-------- Input
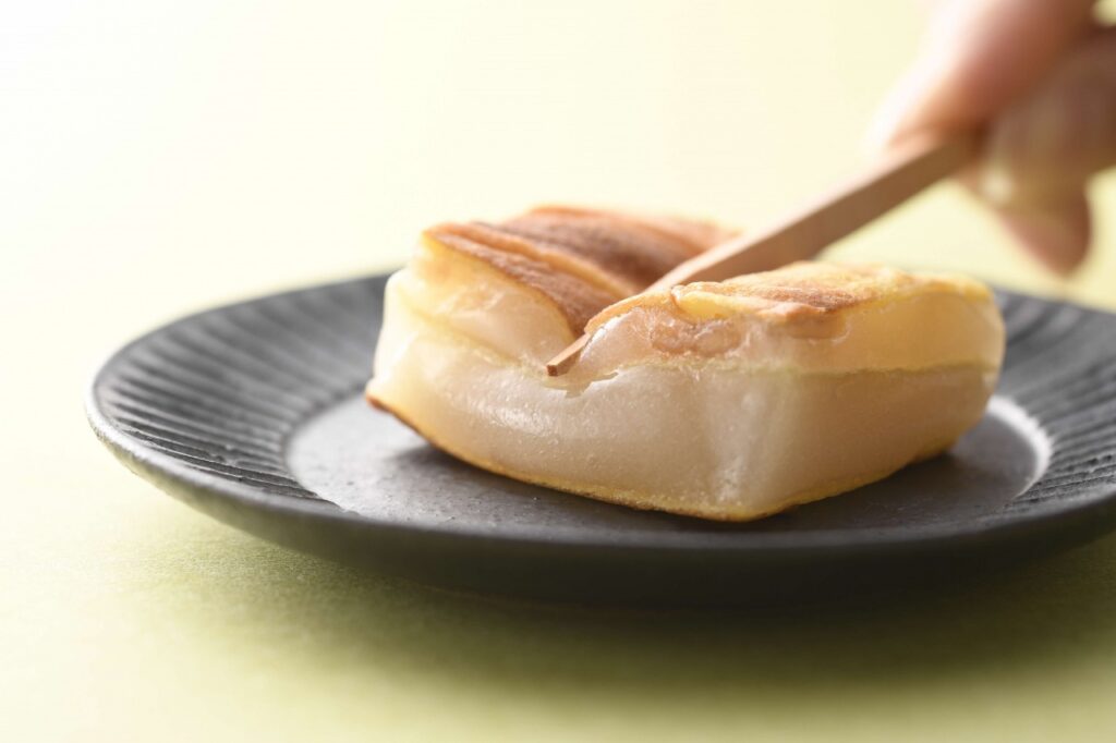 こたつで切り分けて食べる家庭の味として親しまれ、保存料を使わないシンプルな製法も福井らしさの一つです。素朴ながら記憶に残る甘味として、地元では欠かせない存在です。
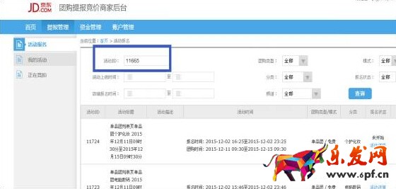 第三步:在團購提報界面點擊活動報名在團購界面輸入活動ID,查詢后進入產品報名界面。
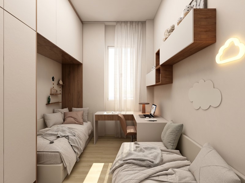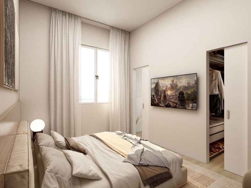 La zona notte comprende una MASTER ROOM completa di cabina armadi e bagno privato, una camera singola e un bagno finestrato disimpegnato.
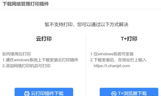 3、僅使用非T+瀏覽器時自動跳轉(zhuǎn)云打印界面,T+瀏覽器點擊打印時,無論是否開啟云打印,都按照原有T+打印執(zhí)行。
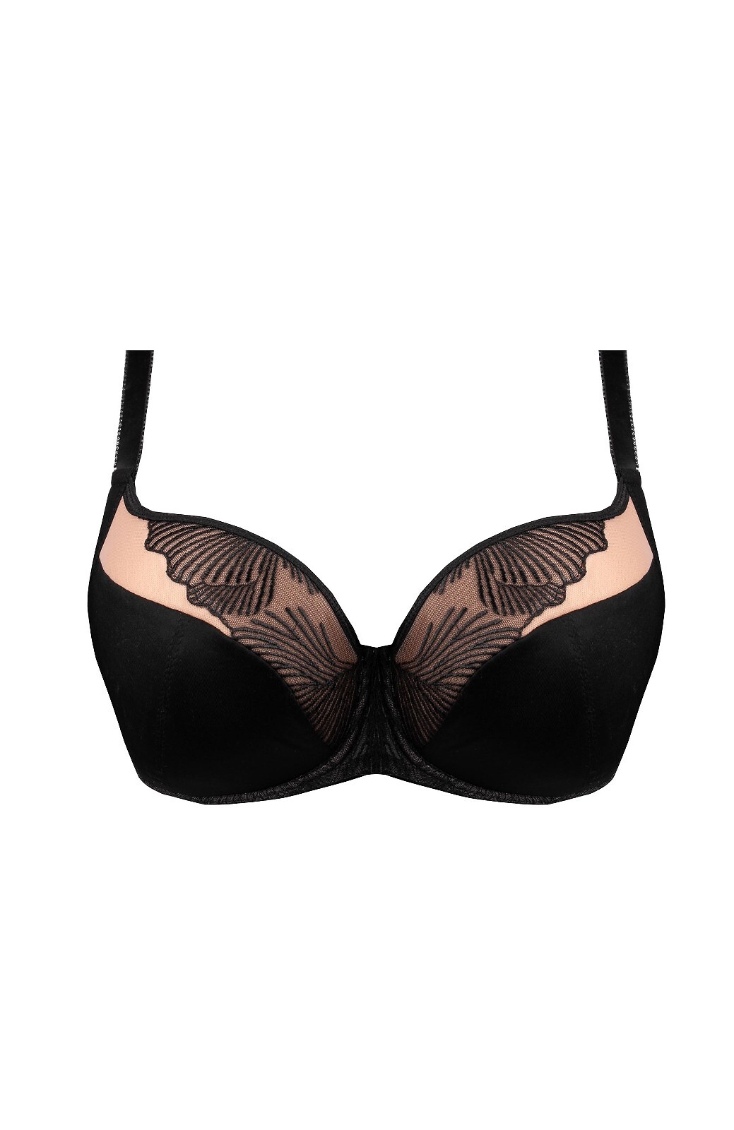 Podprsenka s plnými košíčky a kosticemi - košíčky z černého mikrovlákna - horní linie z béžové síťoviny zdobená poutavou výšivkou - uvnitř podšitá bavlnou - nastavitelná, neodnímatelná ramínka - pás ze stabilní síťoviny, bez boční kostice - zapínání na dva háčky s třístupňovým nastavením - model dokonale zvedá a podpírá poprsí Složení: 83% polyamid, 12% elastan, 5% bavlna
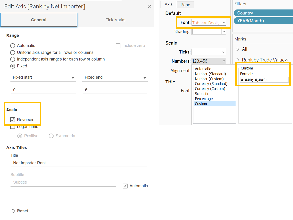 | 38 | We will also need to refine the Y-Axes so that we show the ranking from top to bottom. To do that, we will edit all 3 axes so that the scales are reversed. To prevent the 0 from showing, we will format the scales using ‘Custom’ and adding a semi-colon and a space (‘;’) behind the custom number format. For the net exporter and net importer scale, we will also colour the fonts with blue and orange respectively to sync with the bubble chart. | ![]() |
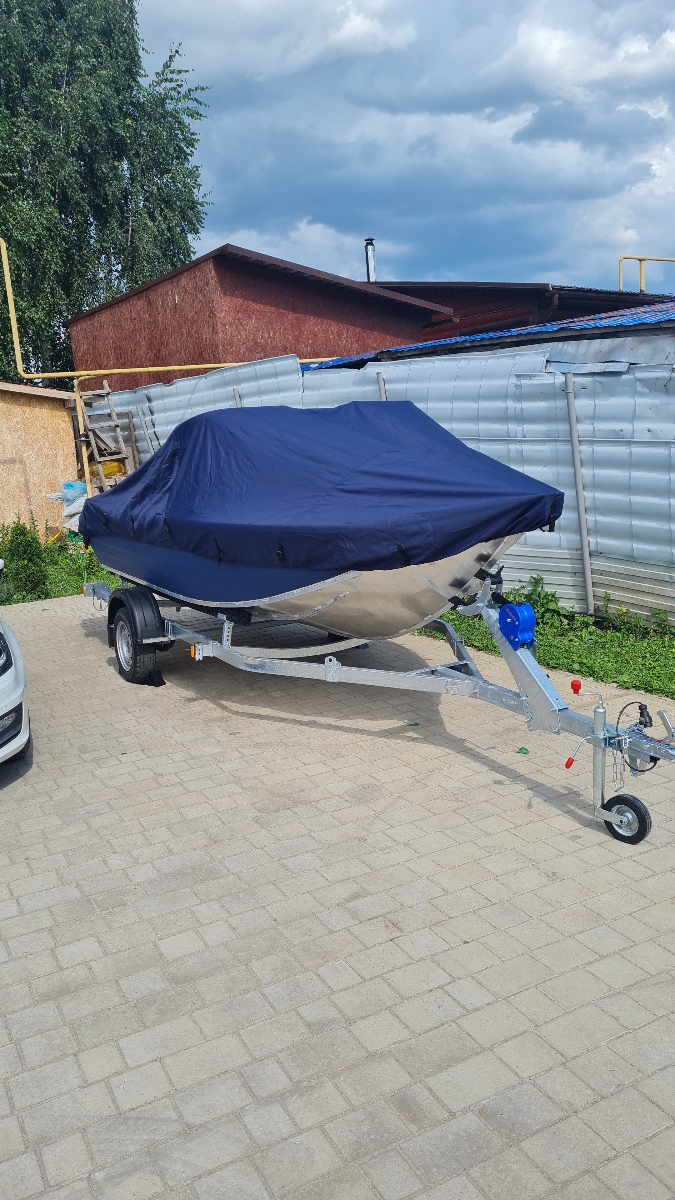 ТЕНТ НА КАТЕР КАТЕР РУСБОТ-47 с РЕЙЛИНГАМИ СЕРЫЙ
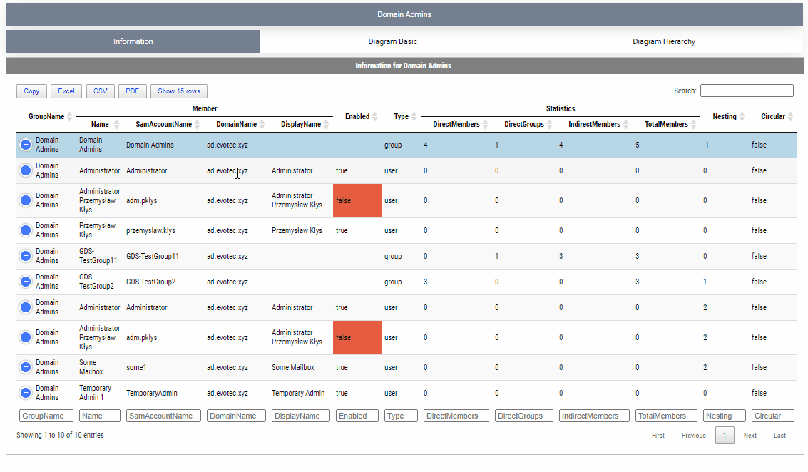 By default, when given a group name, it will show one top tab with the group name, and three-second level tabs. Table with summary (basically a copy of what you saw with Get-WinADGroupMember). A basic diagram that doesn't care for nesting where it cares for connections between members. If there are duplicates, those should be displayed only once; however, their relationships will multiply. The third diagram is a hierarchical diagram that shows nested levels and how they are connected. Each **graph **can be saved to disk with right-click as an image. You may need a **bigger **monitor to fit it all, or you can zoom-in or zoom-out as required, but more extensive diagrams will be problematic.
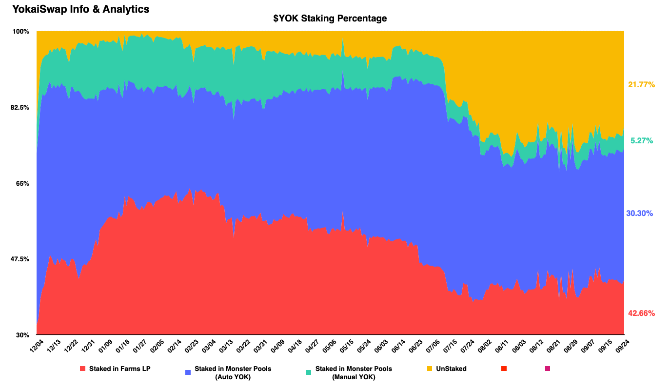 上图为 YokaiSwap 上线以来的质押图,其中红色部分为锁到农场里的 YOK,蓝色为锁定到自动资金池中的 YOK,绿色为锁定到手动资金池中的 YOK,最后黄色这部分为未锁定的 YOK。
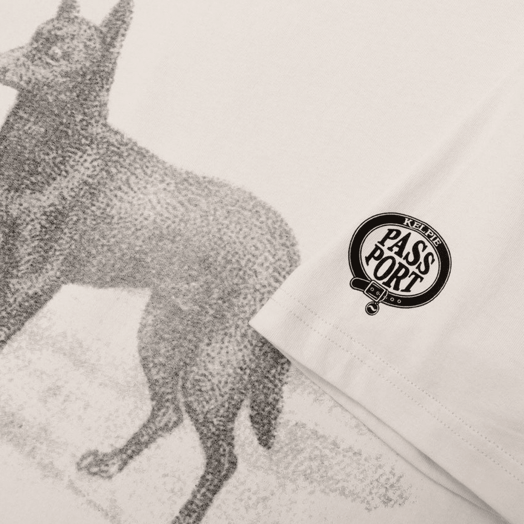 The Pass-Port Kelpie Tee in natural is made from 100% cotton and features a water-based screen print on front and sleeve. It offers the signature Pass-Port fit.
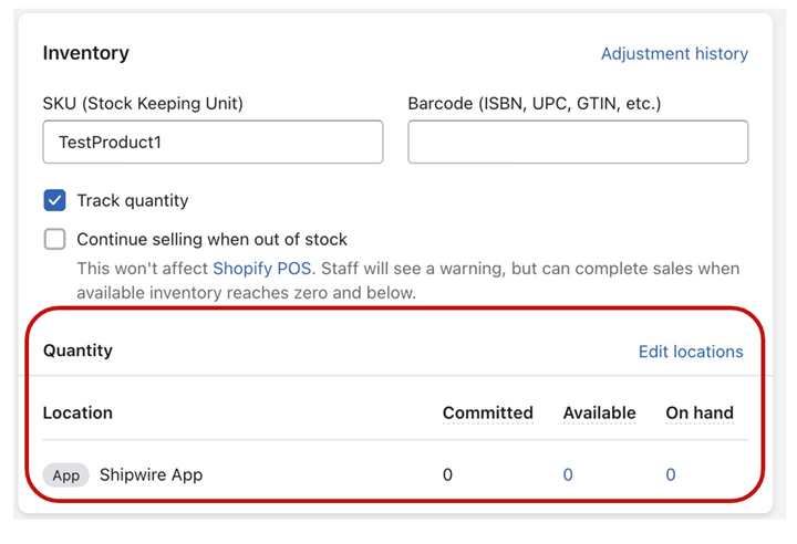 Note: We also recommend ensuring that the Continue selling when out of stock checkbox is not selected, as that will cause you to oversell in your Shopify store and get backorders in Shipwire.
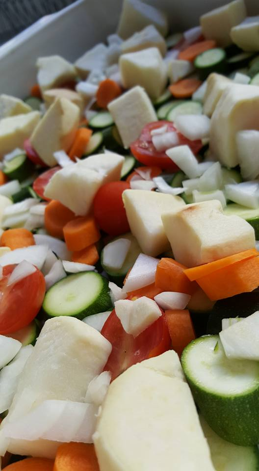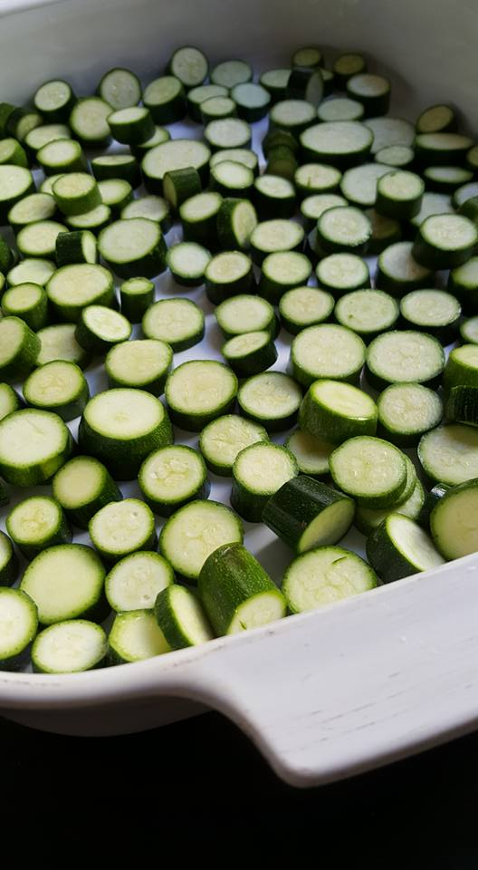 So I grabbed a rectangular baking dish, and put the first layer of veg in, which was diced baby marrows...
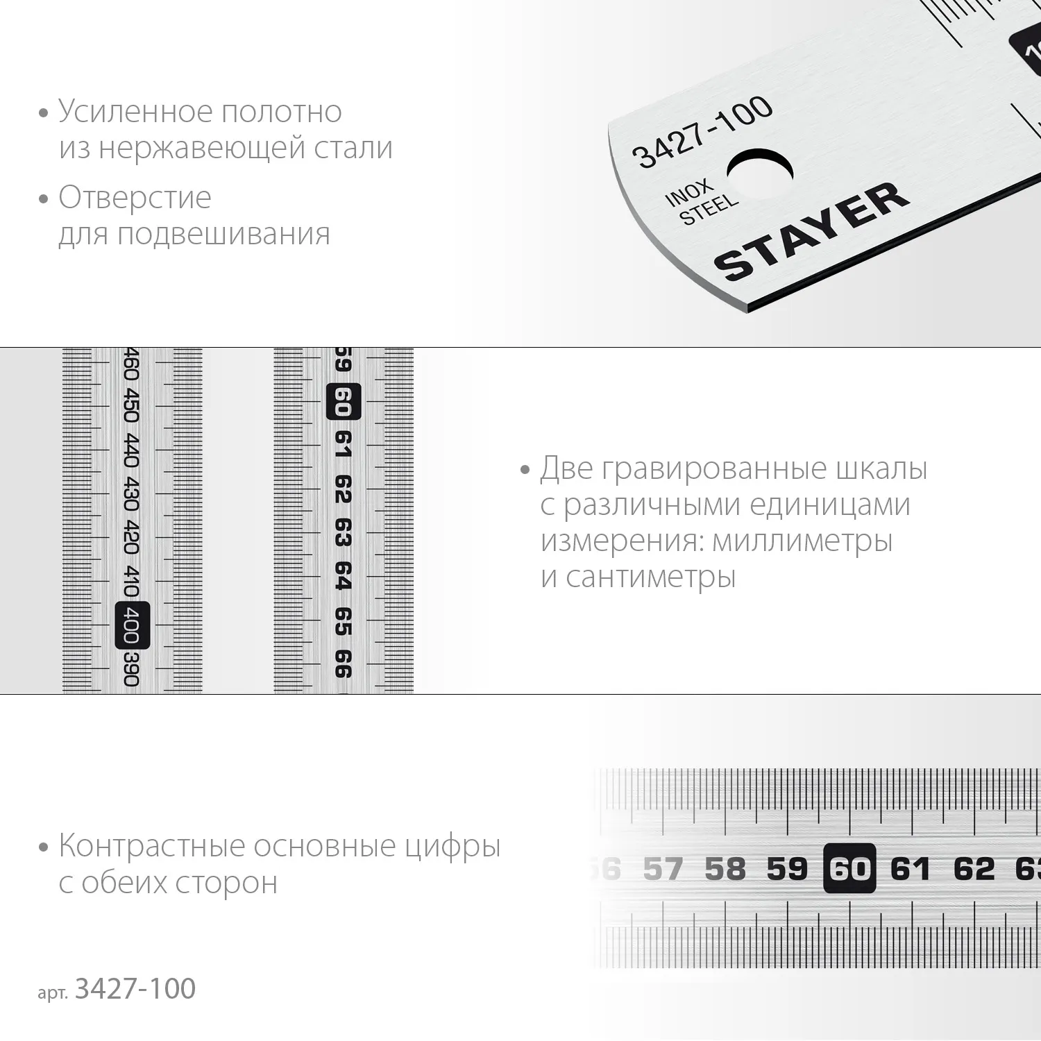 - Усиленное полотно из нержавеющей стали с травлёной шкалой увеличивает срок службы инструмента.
----------------
**The task**
All that is wanted is an exact copy of the lines from the line bearing "上图为 YokaiSwap 上线以来的质押图,其中红色部分为锁到农场里的" through the final line of the entries, including both ends but no pictures.

**Task solution**
 上图为 YokaiSwap 上线以来的质押图,其中红色部分为锁到农场里的 YOK,蓝色为锁定到自动资金池中的 YOK,绿色为锁定到手动资金池中的 YOK,最后黄色这部分为未锁定的 YOK。
 The Pass-Port Kelpie Tee in natural is made from 100% cotton and features a water-based screen print on front and sleeve. It offers the signature Pass-Port fit.
 Note: We also recommend ensuring that the Continue selling when out of stock checkbox is not selected, as that will cause you to oversell in your Shopify store and get backorders in Shipwire.
 So I grabbed a rectangular baking dish, and put the first layer of veg in, which was diced baby marrows...
 - Усиленное полотно из нержавеющей стали с травлёной шкалой увеличивает срок службы инструмента.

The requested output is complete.